Supplied data —

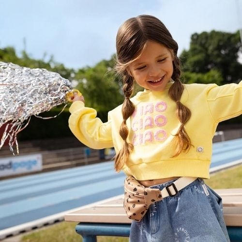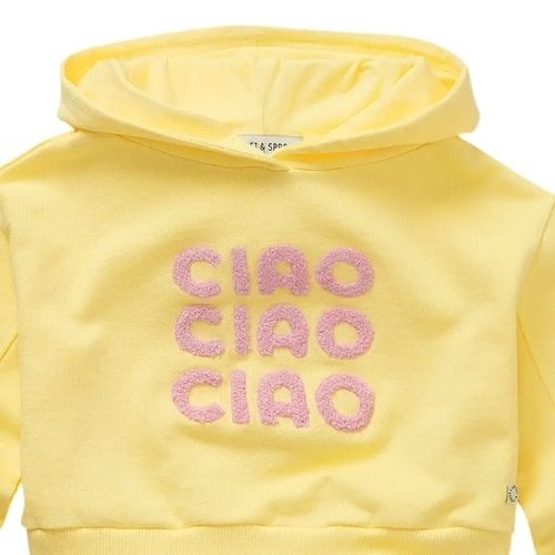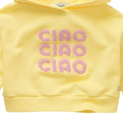 De Sproet & Sproet boxy hooded girls sweatshirt pastel yellow trui bestel je online bij Labels for Little Ones. Deze te gekke trui met capuchon is uitgevoerd in een lichtgele kleur met roze tekstprint ‘ciao ciao ciao’ op de voorkant. De Sproet trui heeft
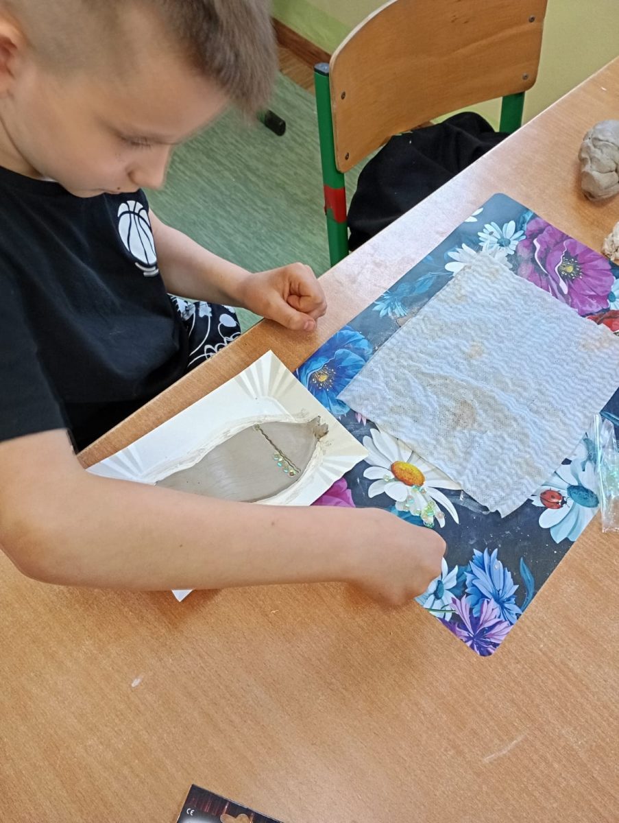 Światowy Dzień Ziemi, uczniowie klasy III pracowali w glinie, ich radości nie było końca.
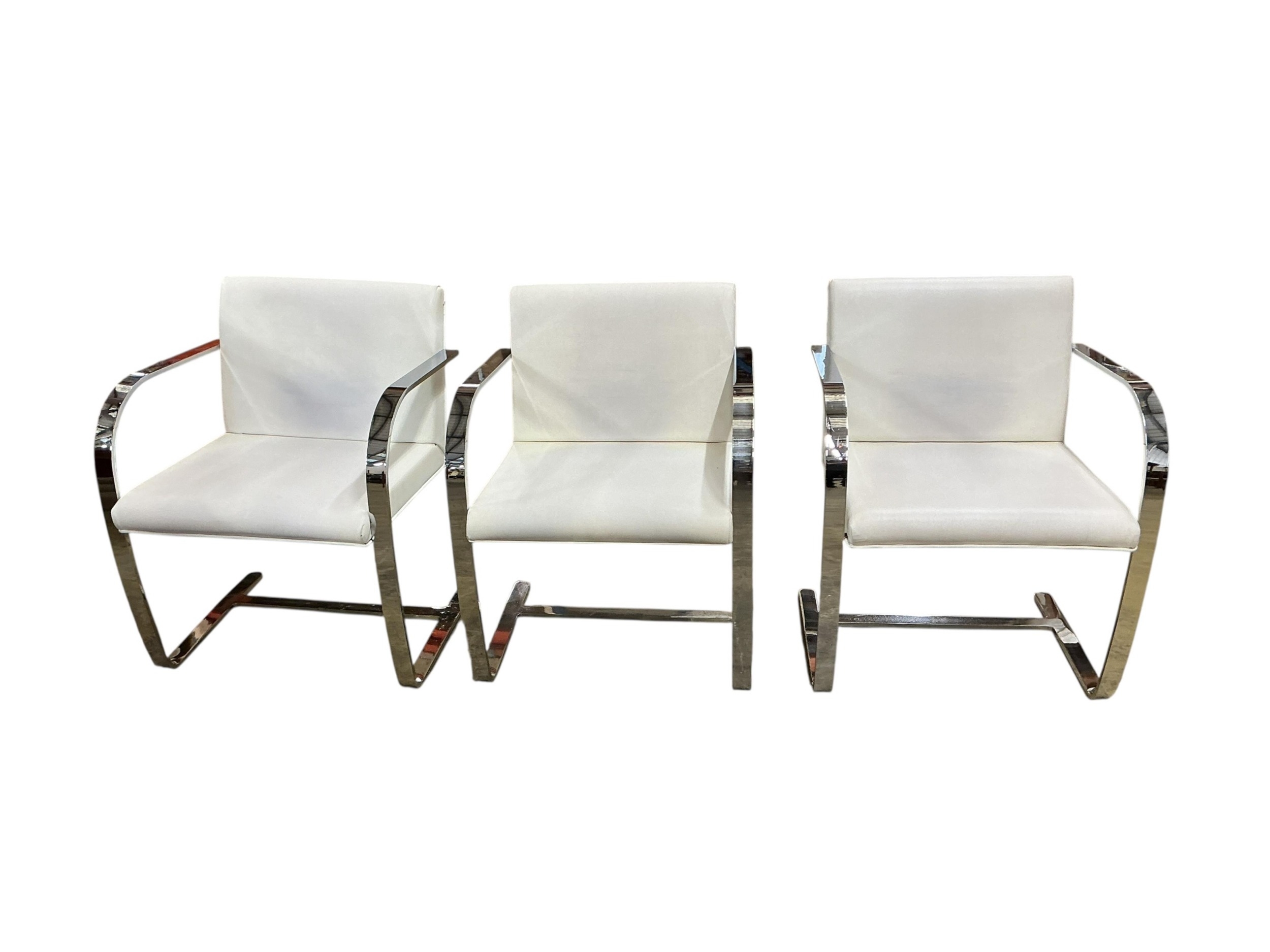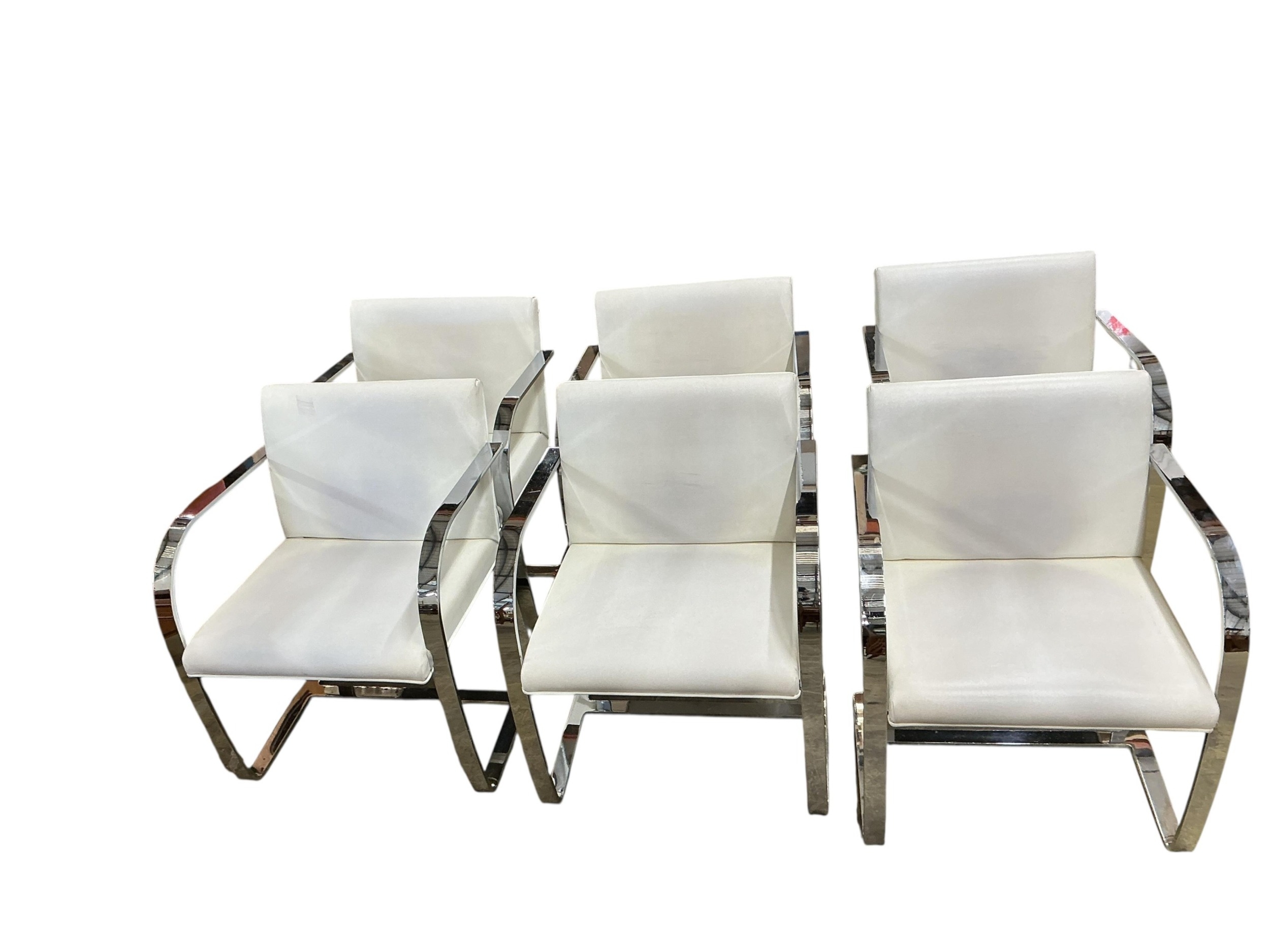 Six Knoll BRNO style leather and chrome flat bar chairs, width 58cm, depth 50cm, height 76cm
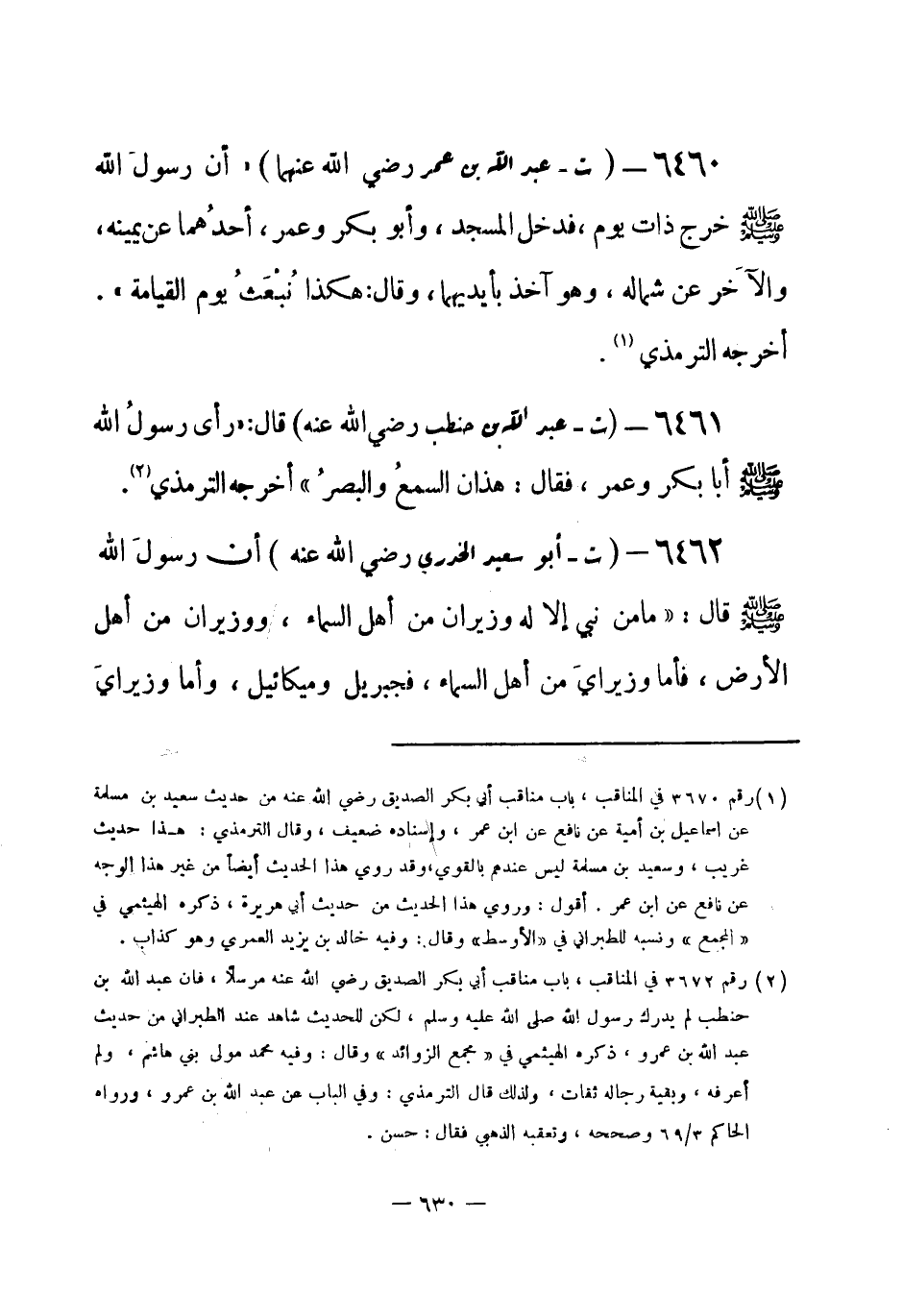 6460 - (ت) عبد الله بن عمر - رضي الله عنهما - «أن رسولَ الله - صلى الله عليه وسلم- خرج ذات يوم، فدخل المسجد، وأبو بكر وعمر، أحدُهما عن يمينه، والآخَر عن شماله، وهو آخذ بأيديهما، وقال: هكذا نُبْعَثُ يوم القيامة» . أخرجه الترمذي (¬1) .
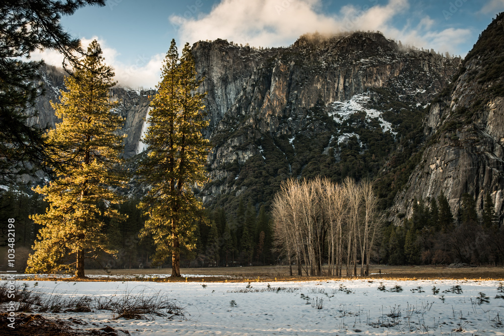 Fototapeta Meadows Covered in Snow in Yosemite Valley
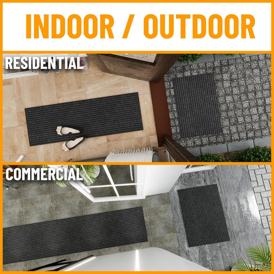 Ottomanson 2'7" x 31' Hallway Runner with Scraper Pile - Extra Durable Non-Slip Rug Mat for Indoor & Outdoor Use - Ideal for Kitchen, Entryway & Garage - High-Traffic Carpet, Gray
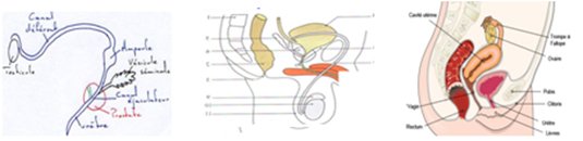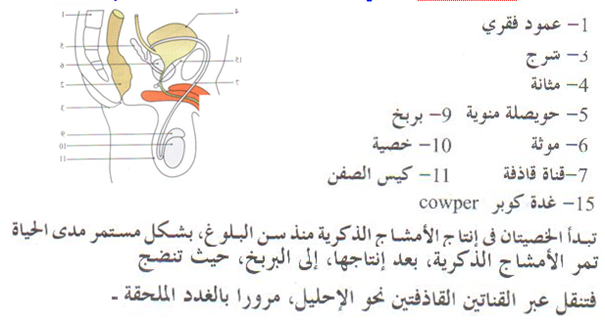 لا تشكل الحيوانات المنوية إلا حوالي 5-2 % من السائل المنوي، والباقي يتم إفرازه من طرف الغدد الملحقة وعضيات أخرى تتواجد على مستوى الحوض كله عند الرجل، وَصَفَها المولى عزّ وجل بقولِه: {مِنْ بَينِ الصلب والترائب} والمقطع الجانبي لمنطقة الحوض تبين هذا الإعجاز الكبير .

How to complete this task —
With every picture omitted, write out the material exactly from its first line through the line containing "Six Knoll BRNO".

Output —
 De Sproet & Sproet boxy hooded girls sweatshirt pastel yellow trui bestel je online bij Labels for Little Ones. Deze te gekke trui met capuchon is uitgevoerd in een lichtgele kleur met roze tekstprint ‘ciao ciao ciao’ op de voorkant. De Sproet trui heeft
 Światowy Dzień Ziemi, uczniowie klasy III pracowali w glinie, ich radości nie było końca.
 Six Knoll BRNO style leather and chrome flat bar chairs, width 58cm, depth 50cm, height 76cm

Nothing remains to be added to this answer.